Dans cette maison qui porte son nom, sont présentées aujourd'hui les figures amies de tous ceux qui ont contribué à faire de sa Semaine d'art dramatique le Festival au rayonnement international que nous connaissons. Soixante compagnons de route photographiés par les plus grands, depuis les fondateurs, Yvonne Zervos, René Char, et le docteur Pons, jusqu'à tous ceux qui font vivre Avignon aujourd'hui, régisseurs, costumières, agents d'accueil, chauffeurs de bus et de taxis. Sans oublier les peintres illustres, découverts par le couple Zervos, Picasso, Giacometti, Chagall, Braque, Mondrian, Miro, pour ne citer qu'eux.
C'est une exposition magnifique, très émouvante, qui témoigne de la très belle aventure artistique mais surtout humaine que fut, et que continue à être ce Festival.
Il ne manquait que les spectateurs. Frédéric Fisbach les fait entrer sur scène dans la seconde exposition, « Dedans-dehors ».
« Pour nous, organisateurs et artistes du Festival, disait Jean Vilar, le monstre sacré n'est pas la scène, il est de l'autre côté des lumières qui nous aveuglent, il est du côté du public », ce public si respecté, toujours placé par Vilar au centre de son projet. Apprivoiser ce monstre sacré. Rencontrer les êtres par-delà les lumières éblouissantes, dans la situation singulière qu'ils vivent. Faire en sorte que spectateurs et acteurs respirent d'un même souffle et trouvent une complémentarité, jamais la même. Tel était le défi que releva Jean Vilar à Avignon et au TNP.
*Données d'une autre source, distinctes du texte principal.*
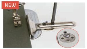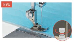 Nyt varustettu samalla mekanismilla kuin JUKI-teollisuusompelukoneet, jotka estävät peittojen ja sametin epätasaisen ompelun sekä neulekankaiden venytysompeleen. Paininjalka kelluu 0–2 mm materiaalin yläpuolella, mikä tekee siitä hyödyllisen paksujen saumojen ompelemiseen.
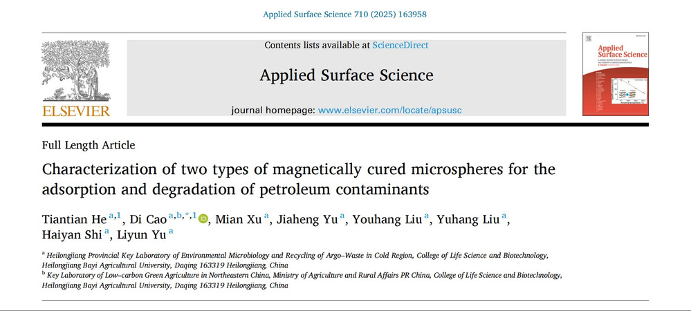 近日,由我院曹迪副教授指导的2024级微生物方向硕士研究生何恬田在2025年7月发表一篇中科院二区期刊《Applied Surface Science》(IF:6.9)的研究论文,题目为“Characterization of two types of magnetically cured microspheres for the adsorption and degradation of petroleum contaminants”,该研究系统的解析了磁性稻壳微球和磁性碳纳米管微球对石油吸附和降解的机制及其影响因素。
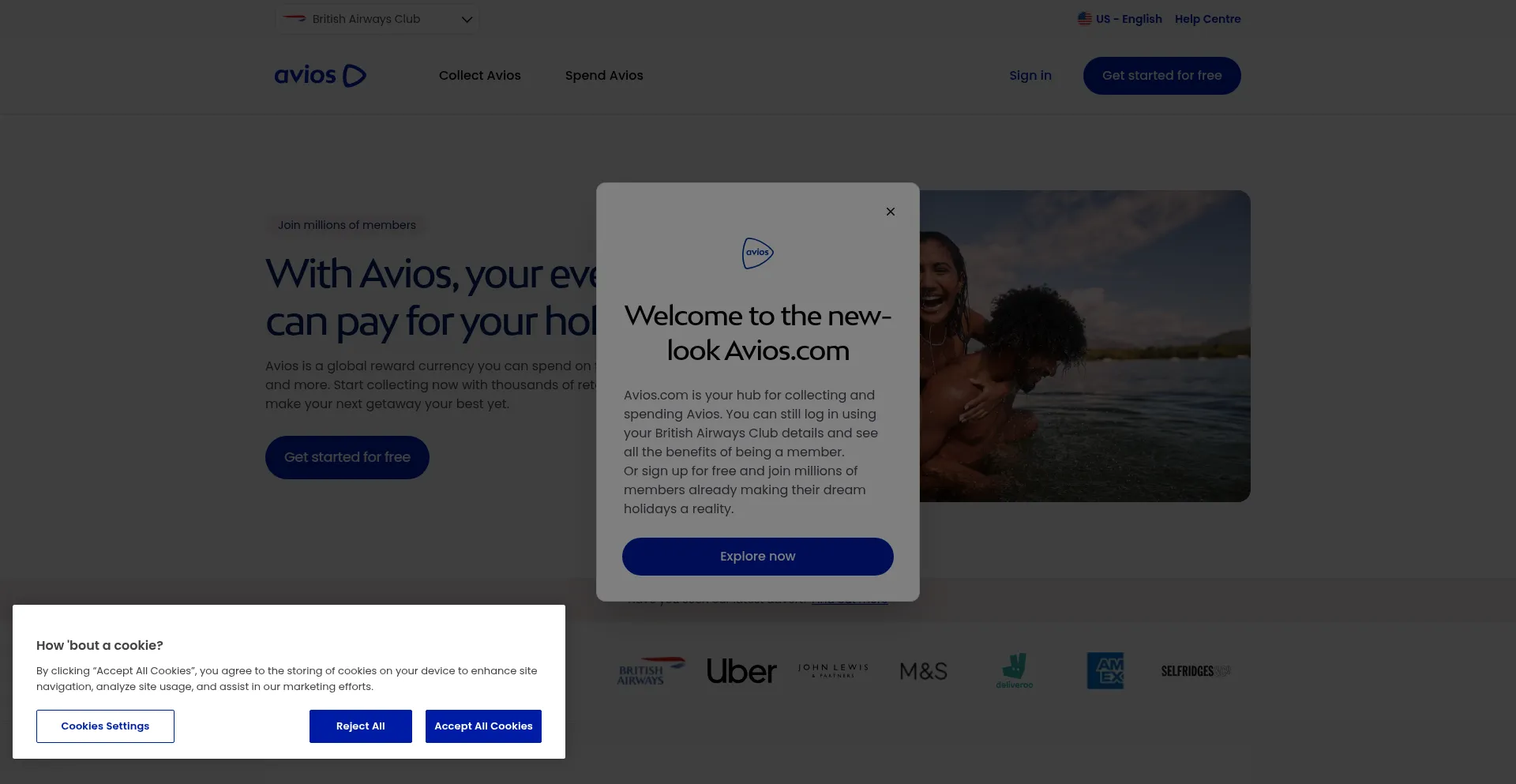 The website implements cookie consent mechanisms in compliance with privacy regulations such as GDPR or CCPA. This demonstrates that avios.com adheres to data protection standards and provides users with control over personal data collection practices.
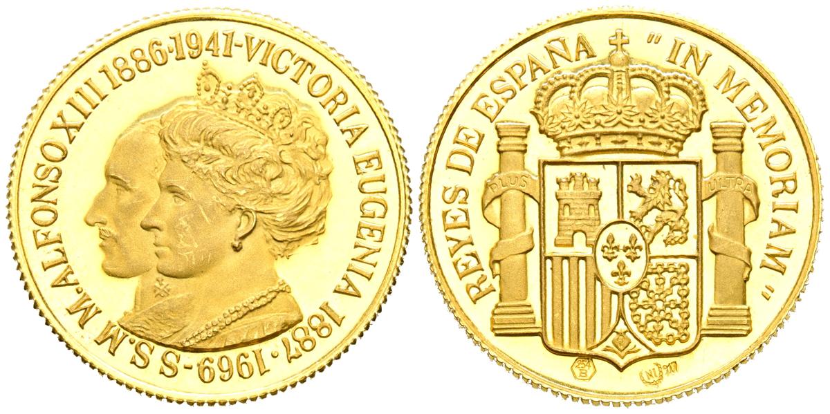 JUAN CARLOS I. Medalla. (Au. 6,98g/24mm). SS.MM. ALFONSO XIII 1886·1941-VICTORIA EUGENIA 1887·1969. Oro de 0,917 milésimas. PROOF.
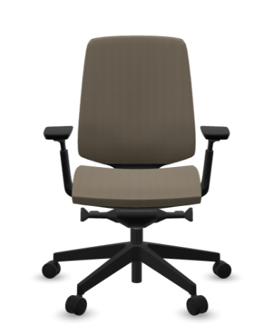Gestoffeerde zitting en rugleuning, stof Alba kleur Beige (EVO002). Zitdiepte instelling, gewichtsregeling. Inclusief armleggers in hoogte en breedte verstelbaar. Lendensteun in hoogte en diepte verstelbaar. Zwart kunststof onderstel met wielen voor harde vloeren.
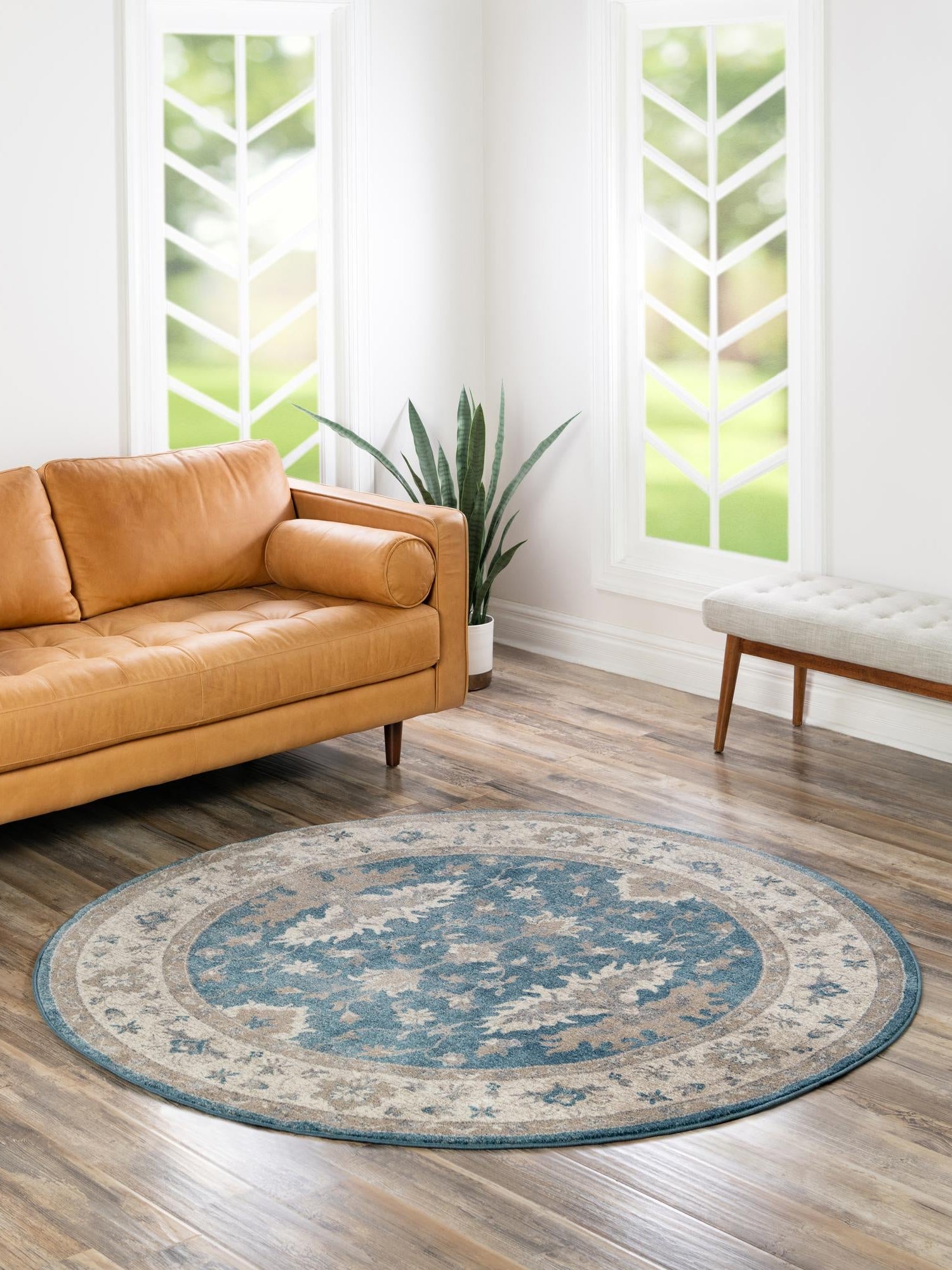 Washable Blue 5' x 5' Timeless Round Area Rug Easy to Clean Stain Resistant & Durable
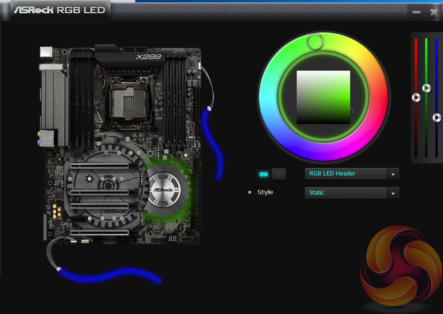 The ASRock AURA RGB LED software allows you to individually tune the main LED regions of the motherboard which are the Chipset heatsink (onboard LEDs) and two RGB LED headers (both optional and not included). It works by selecting the colour on the outer ring first, then the inner ring after and then you can pick the style from the drop down menu, there are currently 7 modes as shown above.
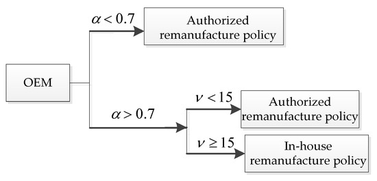 For different lower limits of the recovery rate , the proportion of green consumers has different effects on the OEMs’ choice of remanufacturing decision. In other words, for each , the OEMs will choose the remanufacturing strategies that provide them with better profits. The decision diagram of the OEMs’ remanufacturing strategies based on different values of is shown in Figure 25.

Telle est l'expérience que propose aujourd'hui Frédéric Fisbach dans le lieu qu'il dirige, le 104, et dans cette seconde exposition.
C'est un très bel hommage à ce « rêve éveillé » que poursuit le Festival depuis ses débuts. Et ce rêve, vous l'avez dit, nous le faisons tous, et nous le faisons encore. Chacun le nôtre.
Pour la littéraire que je suis, Avignon c'est soixante ans de passion des mots, de jouissance du verbe, de plaisir de la langue. De puissance de l'écriture dramatique, mais aussi poétique - et je suis très heureuse que Frédéric Fisbach donne à entendre cette année les Feuillets d'Hypnos de René Char. 237 fragments, qui mêlent amour, doute et engagement, 237 textes atemporels, qui interrogent et bousculent notre rapport au monde et aux autres. Oui, le créateur est un éclaireur, et l'écrivain, le poète, comme le dramaturge, en éclairant le monde, éclairent aussi les mots que nous utilisons pour le dire, pour le décrire, et pour agir en lui. J'assiste ce soir au spectacle d'un autre magicien des mots, Valère Novarina, dont j'admire la virtuosité et la liberté avec laquelle il réinvente la langue.
Si je devais donc, à mon tour, former un voeu pour le Festival d'Avignon, ce serait qu'il continue d'être ce lieu magique pour les mots, les mots classiques, de nos grands auteurs, les mots des avant-garde d'hier et d'aujourd'hui, les mots de toutes les langues, de toutes les cultures.